● **Task to carry out**
Copy exactly, beginning with the line holding "Entièrement conçue en" and ending with the final line of the data beneath this task; copy nothing else, and leave out every picture.

● **Provided data**
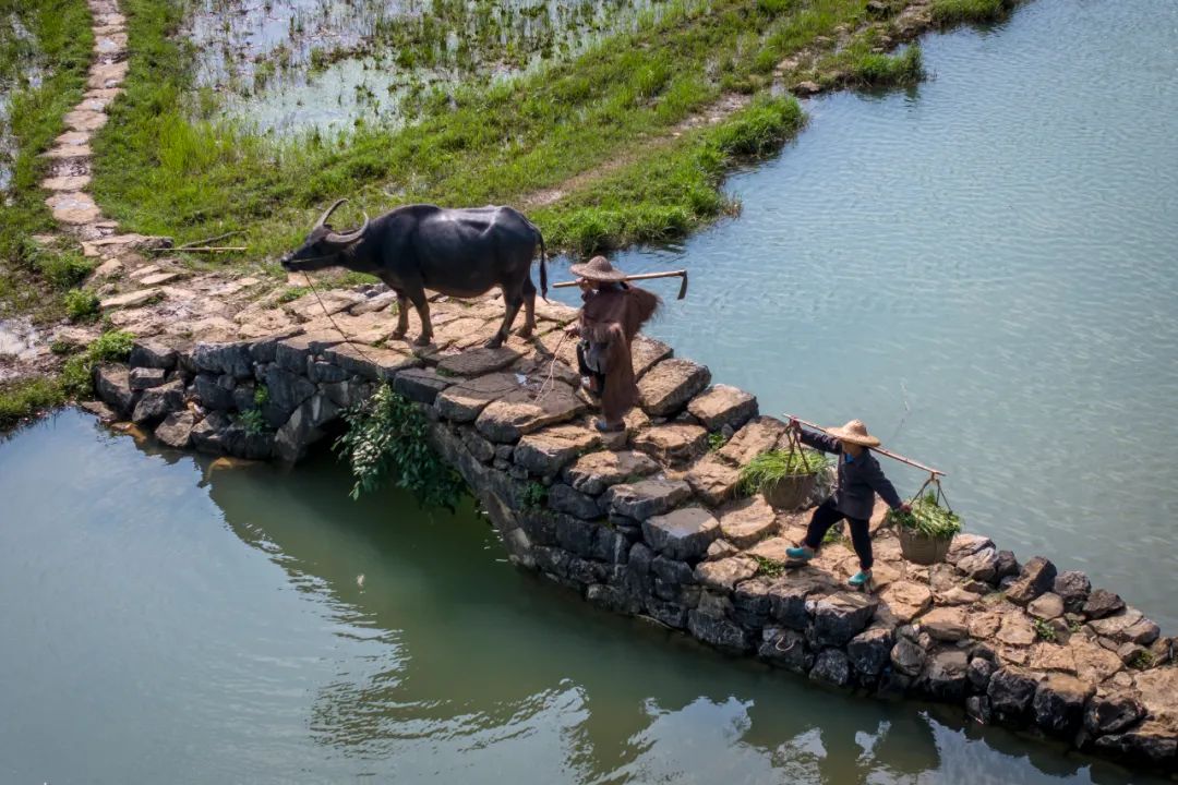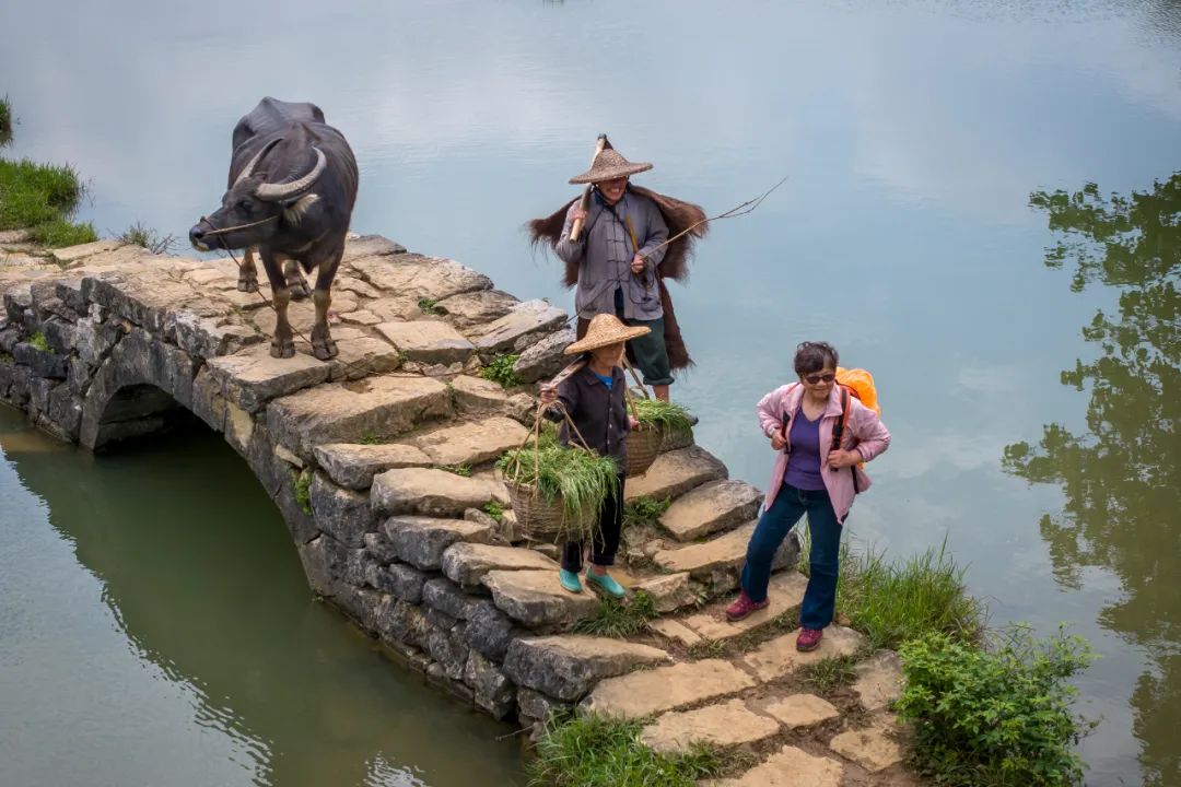 早餐后,前往【田心村状元桥】,田心村状元桥即景斗笠黄牛桥上行,娇颜红袖水下生。禾苗田里如绿海,芳草路边伴紫英。春光耀眼忽冷暖,雨天穿蓑衣,晴天戴草帽,扛着锄头或梨钯,赶着牛走过状元桥。
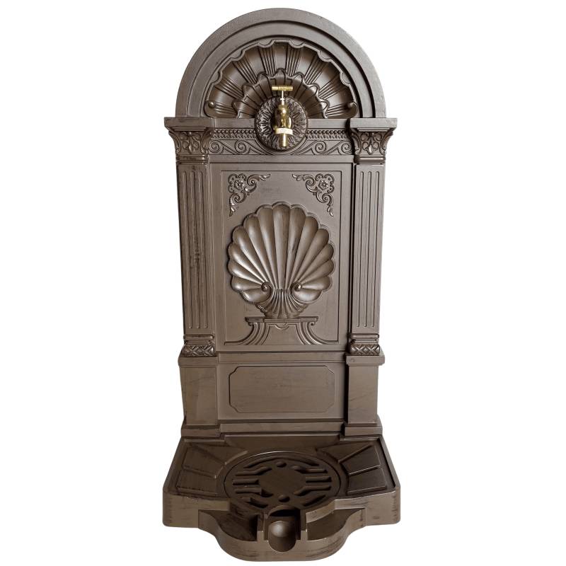 Entièrement conçue en fonte d'aluminium patinée marron et d'un robinet en laiton, cette source à poser arbore une décoration raffinée.
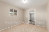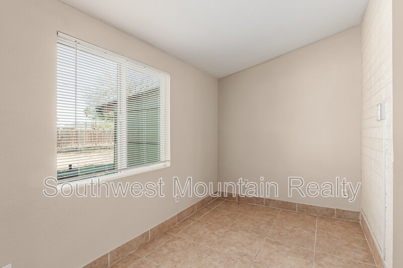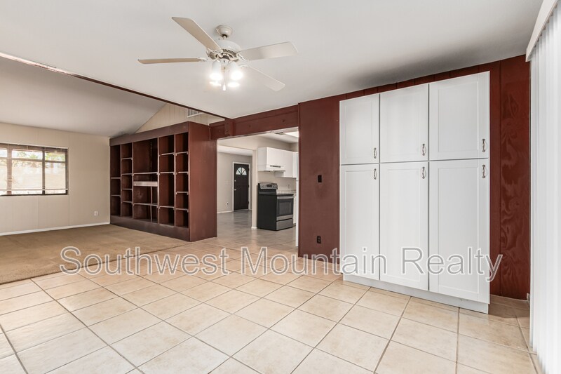 4 bedrooms (one can be office), 2 baths (one with tub and one with shower.) Very spacious home around 2000 soft. Big Family room like a great room for kids to play, living room, dining room with pantry shelves for lots of kitchen storage. Covered carport front and detached garage on side. Long back covered patio front and back with screens. Master bedroom and familyroon with carpets and rest tiles. Single level home (not manufactured/mobile home. ) Stucco walls most outside.
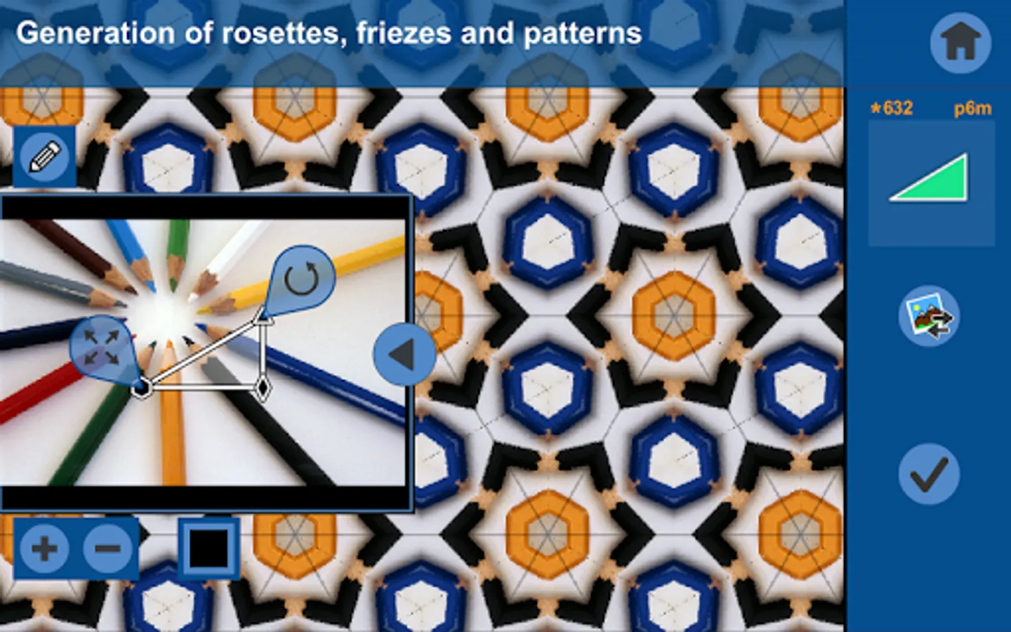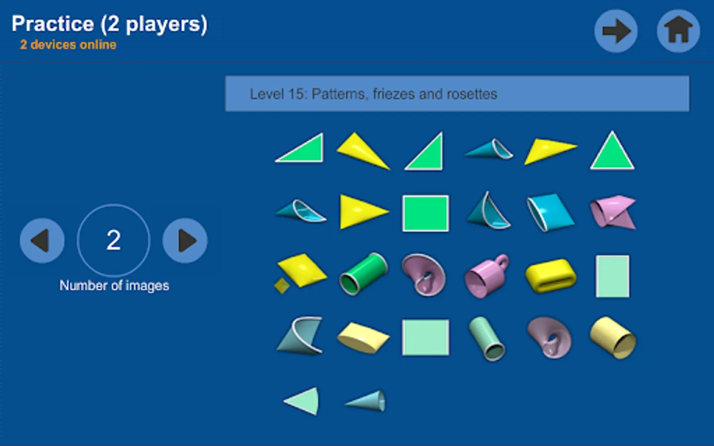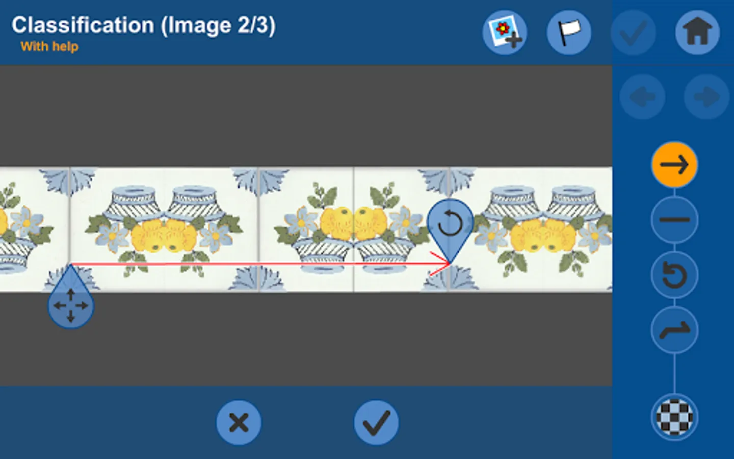 The generator writes encoded information about the existing symmetries in the jpg image file generated. Then the classifier reads and interprets this coded information, which allows it (according to the level of aid chosen) to give information about how the classification process is going, preventing wrong choices, or only indicating at the end whether the classification is correct and, if not, indicating the first mistake.

● **Written answer**
 Entièrement conçue en fonte d'aluminium patinée marron et d'un robinet en laiton, cette source à poser arbore une décoration raffinée.
 4 bedrooms (one can be office), 2 baths (one with tub and one with shower.) Very spacious home around 2000 soft. Big Family room like a great room for kids to play, living room, dining room with pantry shelves for lots of kitchen storage. Covered carport front and detached garage on side. Long back covered patio front and back with screens. Master bedroom and familyroon with carpets and rest tiles. Single level home (not manufactured/mobile home. ) Stucco walls most outside.
 The generator writes encoded information about the existing symmetries in the jpg image file generated. Then the classifier reads and interprets this coded information, which allows it (according to the level of aid chosen) to give information about how the classification process is going, preventing wrong choices, or only indicating at the end whether the classification is correct and, if not, indicating the first mistake.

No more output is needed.